Человек, привлекший мое внимание, был в дорогом пальто, с элегантным
кашне на шее, на голове его красовалась фетровая шляпа; рядом с ним шла
молодая женщина в ржаво-красном плаще - судя по виду, гейша. Кто же это
был такой? Розовое, пухлое лицо, немолодое, но какое-то по-младенчески
свежее и чистое, мясистый нос... Да это же Учитель! - вдруг понял я.

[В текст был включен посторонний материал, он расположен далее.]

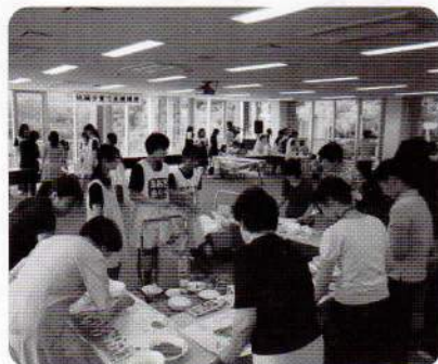
①地域子育て支援講座のようす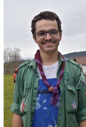
Co-Responsable de Groupe Barasingha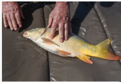
Ha el akarja vinni, meg kell ölnie - horgászt...

Просто тень от шляпы помешала мне узнать его сразу. Пугаться вроде бы было
нечего, но я похолодел при мысли о том, что настоятель меня увидит. Тогда
я поневоле стану очевидцем его предосудительных забав, нежелательным
свидетелем, и между нами неминуемо возникнет тесная связь, основанная на
взаимном доверии - или недоверии. Нет, мне это было совсем ни к чему.
Тут я увидел черного лохматого пса, бредущего сквозь новогоднюю толпу.
Видимо, он привык к таким скоплениям людей и ловко лавировал меж полами
роскошных дамских манто и потрепанных военных шинелей, пробираясь поближе
к витринам магазинов. У сувенирной лавки, которая, верно, торговала на
этом месте еще с незапамятных времен, пес замер и стал принюхиваться.
Оказалось, что у пса выбит глаз, - кровавая корка запеклась в глазнице
ярко-красным кораллом. Уцелевшим глазом собака рассматривала что-то на
асфальте. Грязная шерсть на спине свалялась и торчала заскорузлыми
клочками.
Не знаю, чем так заинтересовал меня этот пес. Возможно, абсолютным
своим несоответствием праздничной и светлой атмосфере улицы: он упрямо
тащил за собой какой-то иной, совершенно отличный от всего окружающего
мир. Пес брел по своей собственной мрачной вселенной, где из всех чувств
царило только обоняние. Это был город, ничем не похожий на город людей, в
нем сиянию уличных фонарей, грому музыки и взрывам смеха угрожали зловещие
и вездесущие запахи. Мир запахов куда более упорядочен и конкретен; от
мокрых лап пса несло мочой, и этот смрад имел самую непосредственную связь
с едва уловимым зловонием, которое исходило от внутренних органов прохожих.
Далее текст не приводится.